From your additional comments it is logical and absolutely essential that all newly added points-of-interest must appear on the user's map. However the Search service will probably continue to not return new additions for an unpredictable amount of time. I would consider two strategies, one server-side and one client-side, and perhaps even use both. But neither is simple.

On the server you could augment the Search service or even replace it entirely with a custom Search that you would develop yourself. Store the data you want to search in Google Cloud SQL which is basically MySQL. This will always immediately return what is written into it, because it is a single instance not subject to eventual consistency.

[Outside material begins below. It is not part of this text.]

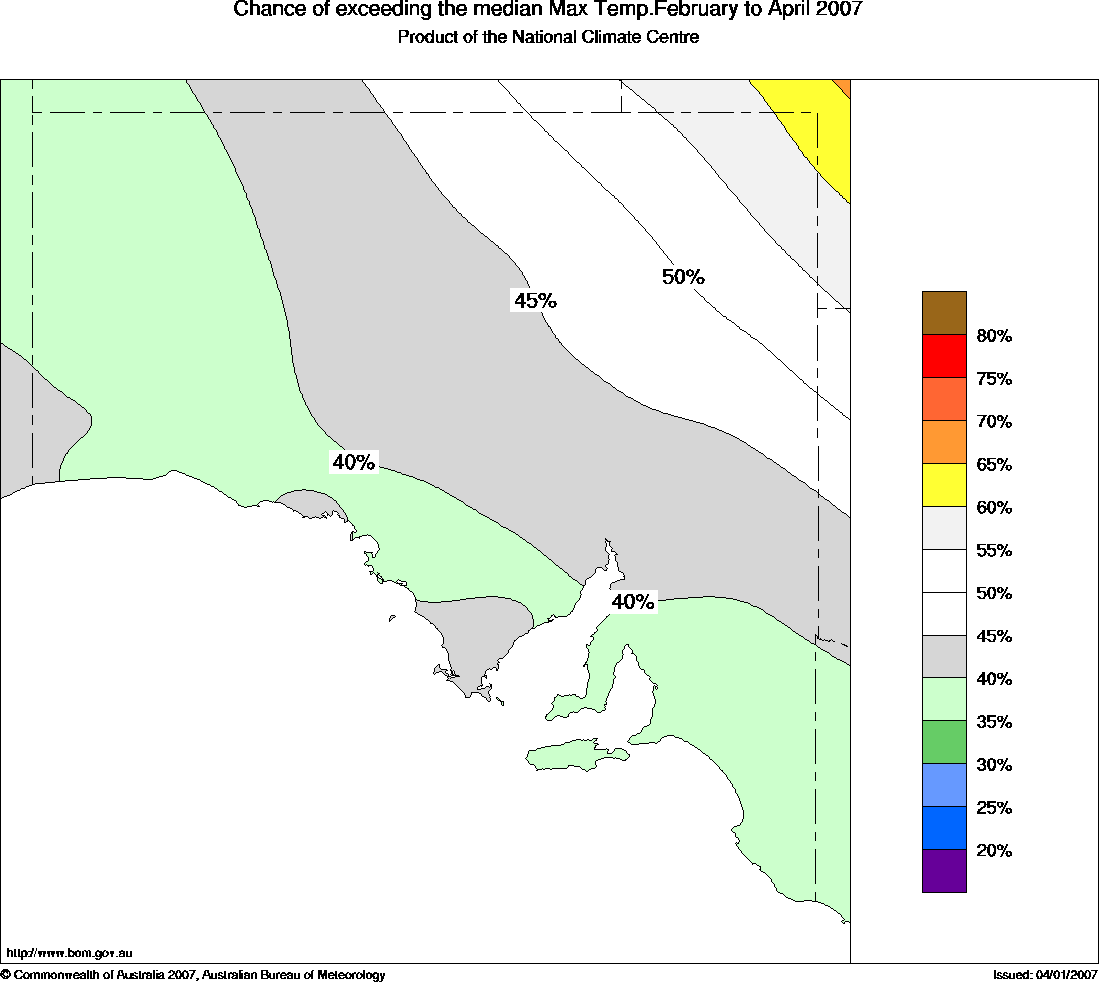 Cooler season from northwest to southeast SAThe temperature outlook for the February to April period shows that below average maximum temperatures are favoured in a band stretching from northwest South Australia to the southeast of the State. The pattern of seasonal temperature odds across the State is mostly due to higher than average temperatures the Pacific Ocean (because of El Niño).

In the client you could cache all recently added points of interest. Then when requesting data from the server, also query the local cache. Delete any local results that duplicate what the server returns. Other users will also eventually see what this user sees immediately.

Martin Berends
  • 3,948
  • 2
  • 16
  • 19
  • Its a shame i have to settle for these kind of solutions. Actualy i already thought of your 2nd suggestion (client) as a workaround for this problem and i think i prefer it over your 1st one where i lose the scalability and availability benefits of a NoSQL DB. I wont select your answer as it doesnt really gives an official benchmark answer to my question but i will upvote it for the effort you put into it. Thanks a lot man. – AsafK Jan 23 '14 at 11:15
  • Thanks for the feedback. I agree that adding a workaround in the client is better. – Martin Berends Jan 23 '14 at 12:13
0

Yes it makes sense that eventual consistency (Brewer's keynote PDF) also applies to Search. No documented maximum convergence time probably means implementing one would on balance be counterproductive. Without a timing guarantee, GAE might even evolve and behave differently in future. I heard that some GAE users migrate to Riak in order to tune their CAP parameters to suit specific application timing requirements.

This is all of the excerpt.